Cuando la venenosa sierpe nazi ideó la Solución Final y decidió ponerla en práctica no tuvo que ir demasiado lejos para aprender cómo borrar de la faz de la Tierra al pueblo judío. Al este, en la Unión Soviética, ya iban casi para dos décadas los devastadores aniquilamientos del Gulag, las hambrunas, la reeducación y los progromos contra los enemigos de Stalin. Ni la vieja guardia bolchevique se libró de aquella demencia asesina.
Los nazis tenían un devastador equipo de arquitectos del terror, Goebbels, Himmler y Heydrich, que habían aprendido de los mejores. Y los mejores estaban en la Lubianka, donde el NKVD (Comisariado del Pueblo) daba lecciones teóricas y prácticas de aniquilación todos los días.

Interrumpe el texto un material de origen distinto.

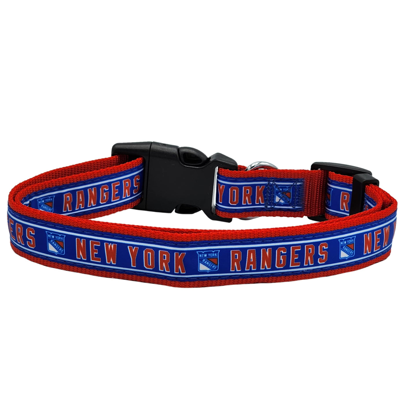 • Q: What sizes are available for the Pets First NHL New York Rangers Collar? A: The Pets First NHL New York Rangers Collar is available in three sizes: Small, Medium, and Large. The Medium size fits pets with a neck circumference of 12 to 18 inches.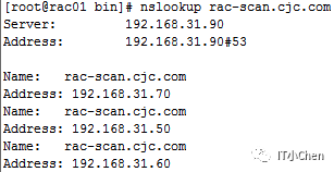 [root@rac01 bin]# nslookup rac-scan.cjc.com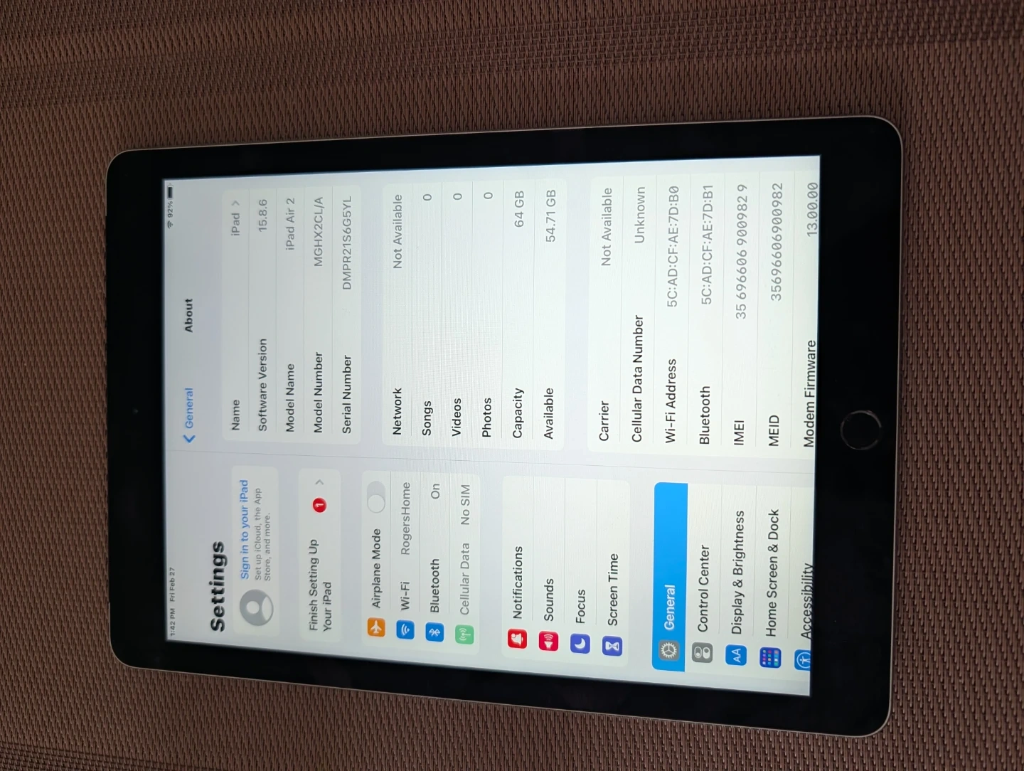Apple iPad Air 2 64GB Wi-Fi and sim card enabled.
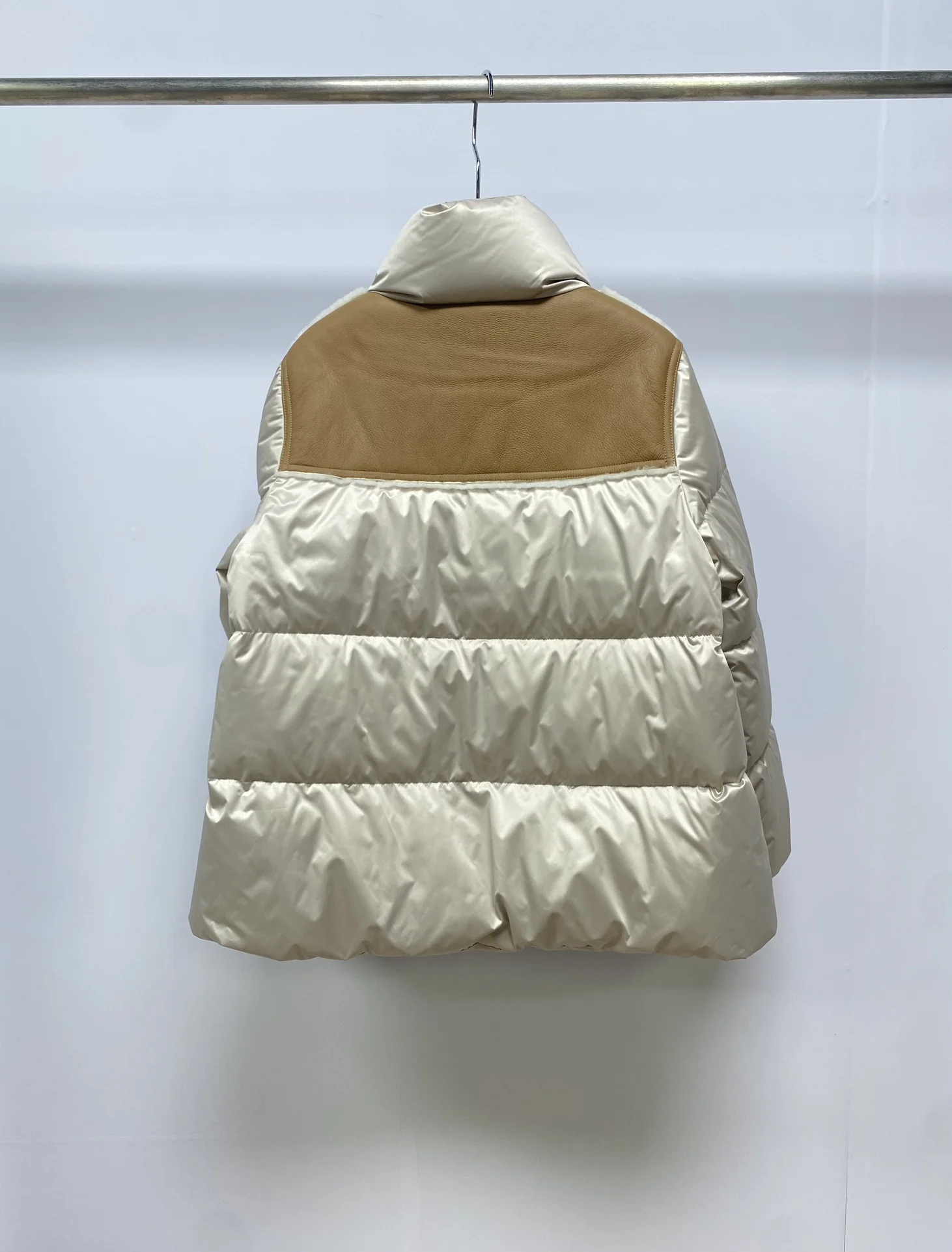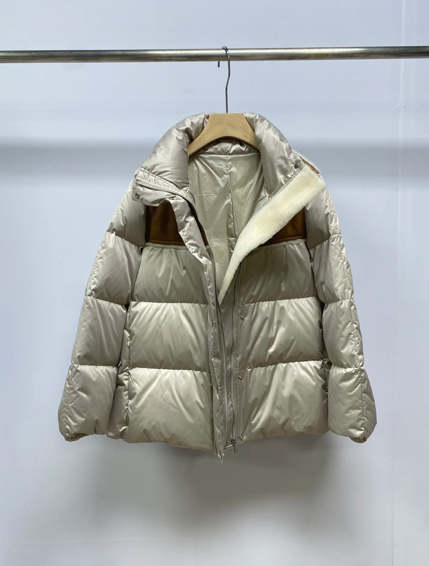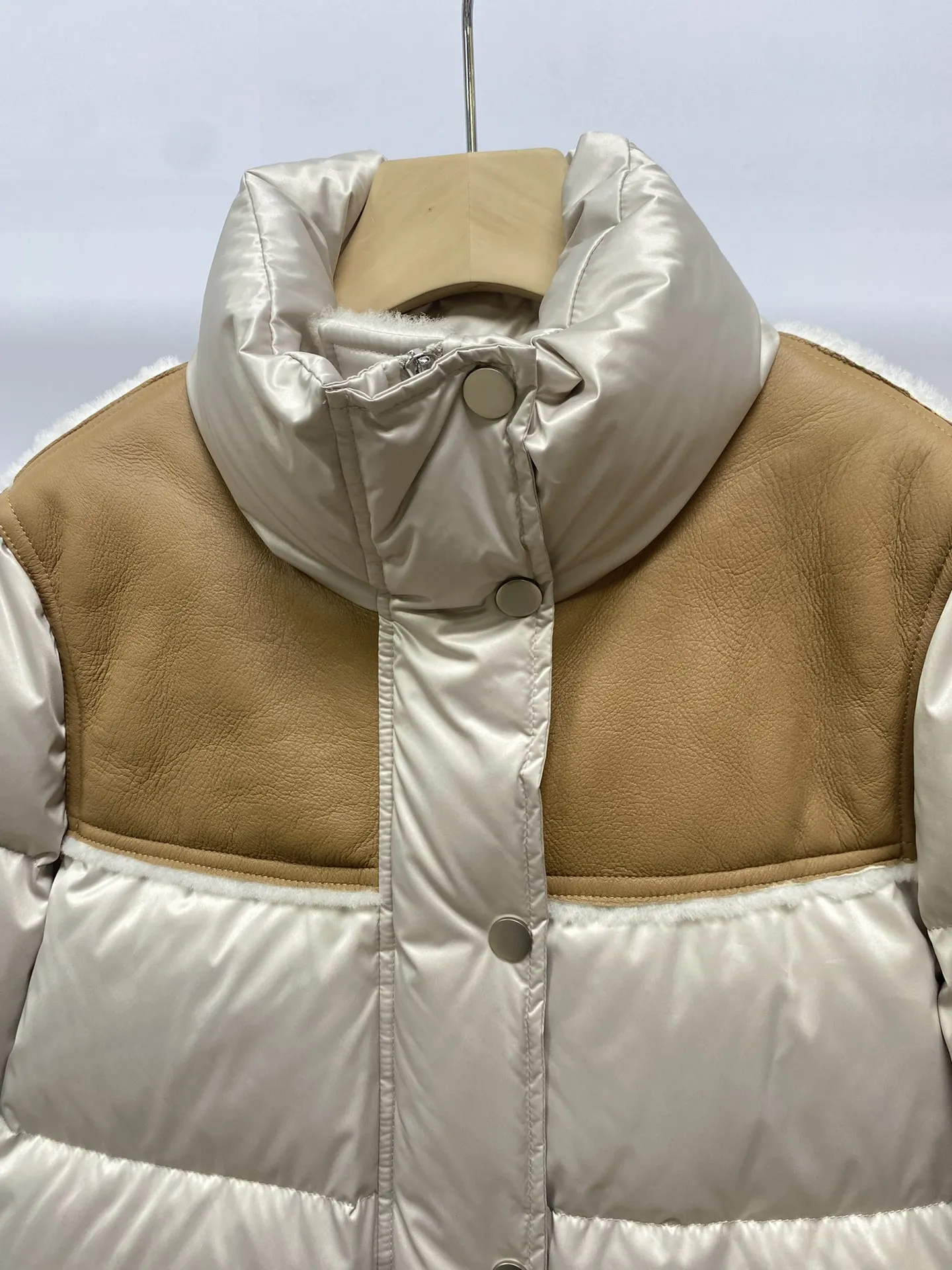 Women's Casual Sheepskin Wool Patchwork Goose Down Jacket, Female Clothing, High Collar, Luxury, Light, Fashion, B, C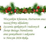 Wszystkim Klientom, Partnerom oraz Sympatykom naszej firmy składamy życzenia spokojnych i radosnych Świąt Bożego Narodzenia oraz pomyślności i sukcesów w Nowym 2026 Roku.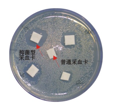 看到明顯的抑菌環(huán) 鼎偵血樣采集卡上的一個(gè)樣本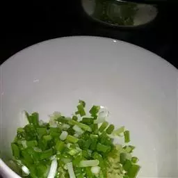 4、蒜苗洗净切段。锅中放油,放花椒面炒香。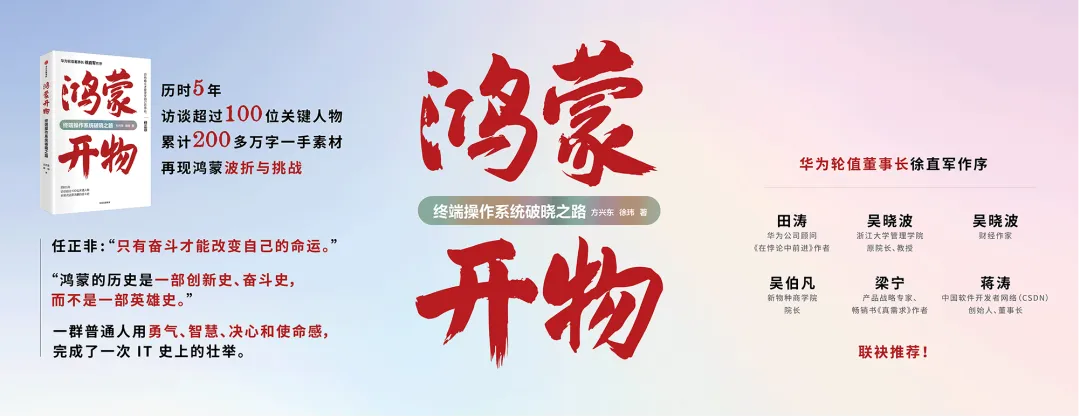 他还分享了鸿蒙研发背后的真实故事:揭秘“单框架与双框架之争”中任正非拍板走最难但最正确道路的抉择,讲述老一代科研专家与年轻工程师携手攻坚的代际传承,细数研发团队面对困境的坚守历程。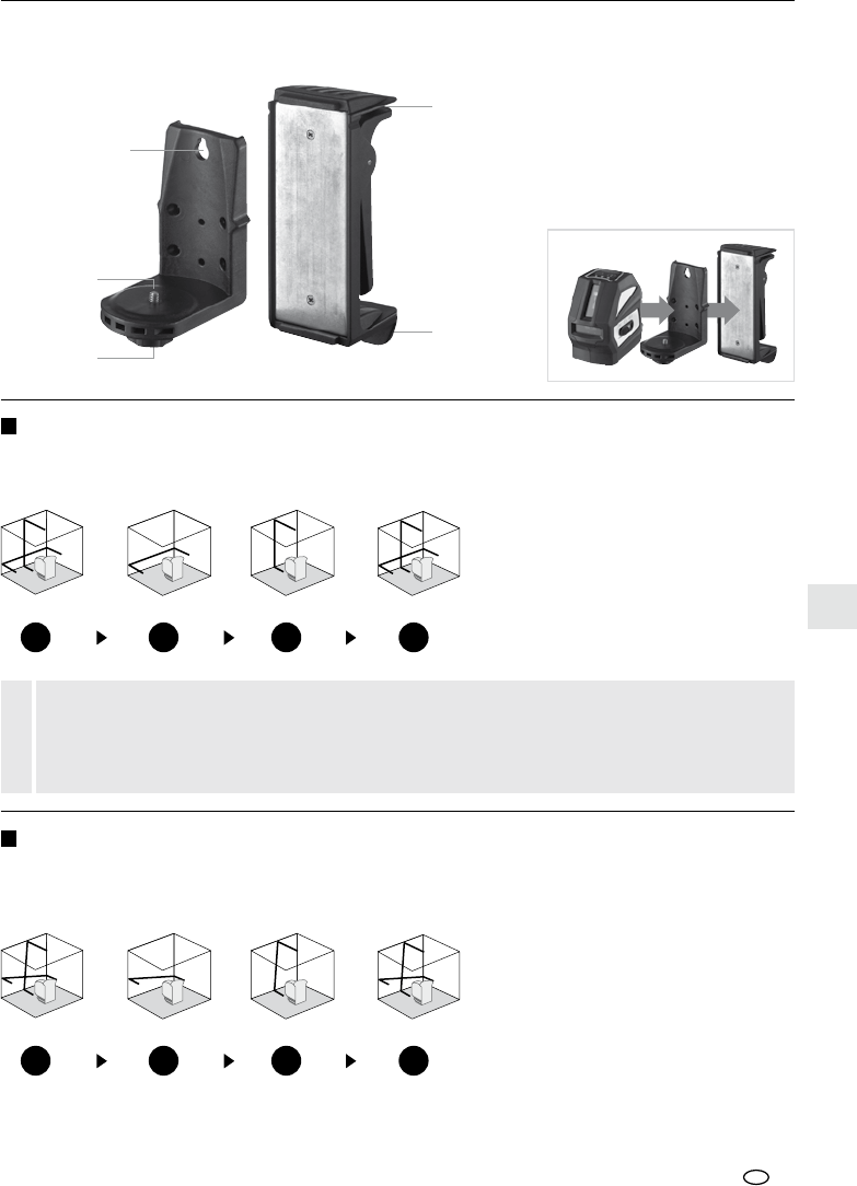 Nå kan apparatet legges på skjeve flater og i hellinger. I denne modus posisjoneres ikke laserlinjene

El 22 de julio de 1942 comienza la Gran Operación de Realojamiento, cruel eufemismo para nombrar lo innombrable: el traslado de los judíos a los campos de exterminio. Pronto, media Europa apesta a carne quemada. Y las chimeneas de Auschwitz no descansan. Pero el ángel exterminador de la cruz gamada había empezado su trabajo antes, cuando el 22 de junio de 1941 Alemania invade la URSS. La carnicería comienza: asesinatos en masa, deportaciones, ejecuciones sumarias, toda clase de martirios, fusilamientos, violaciones, ahorcamientos, el manual al completo de la historia universal de la infamia es aplicado por los nibelungos hitlerianos. La principal víctima será la población judía, aunque los efectos más o menos colaterales también se ceben en quienes los defienden e intentan ampararlos y en quienes resisten. Ucrania, Bielorrusia, Lituania, Letonia, Estonia y por supuesto Rusia sufren en carne propia y achicharrada la ira de la maquinaria nazi.
Oídos (y narices) sordos
En 1943, el pestazo a Zyclon B inundaba las cancillerías aliadas, aunque muchos hicieron oídos (o narices) sordos. A pesar de testimonios como este de febrero de 1943, Treblinka: «Tras formar a los niños, el nazi se cogió el martillo que siempre llevaba sujeto al cinto y tras escupirle en la cabeza como habría hecho un carpintero que se dispusiera a golpear un clavo, procedió a asesinar a los niños pegándoles martillazos en el tabique nasal». Pero el científico Albert Einstein sí se conmovió y se dirigió al Comité Judío Antifascista para que estos hechos fueran conocidos. Sin embargo, el testigo de la idea lo recogieron dos prohombres comunistas, los escritores Vasili Grossman e Ilyá Ehrenburg. Grossman había sido corresponsal para el periódico «Estrella Roja» durante la Guerra Patriótica. Y había estado en la liberación de Treblinka, aunque acabaría alejándose del estalinismo y su gran obra, «Vida y destino», no podría verla publicada en vida. Ehrenburg era un bolchevique de primera hora, pero pasó varios años en París porque no le gustaba lo que veía. Sin embargo, sería uno de los hombres de la nefasta presencia del comunismo soviético en nuestra Guerra Civil como corresponsal del «Izvestia» De paso, escribó su homenaje a la República: «No pasarán». Acabaría como uno de los intelectuales más vinculados al régimen.
Vasili e Ilyá recogieron miles de estremecedores testimonios (leer el libro es una experiencia que va más allá de las lágrimas) que debían ser recopilados en el «Libro negro». Lo completaron y llegaron hasta las puertas de la imprenta. Pero allí estaba Stalin. Quien había ideado la primera solución final para los habitantes del archipiélago Gulag no podía permitir que se conocieran las semejanzas entre la escabechina stalinista y la de sus aventajadísimos alumnos nazis.
El libro no se publicó hasta que la hija de Ilyá lo encontró y lo remitió a Jerusalén, donde se editó en 1980. Ahora, toda esta desolación aparece en castellano en edición de Galaxia Gutenberg/Círculo de Lectores. Terror en estado puro, del que Grossman y Ehrenburg dan cuenta, con más toneladas de sangre que de tinta, como espeluznados taquígrafos.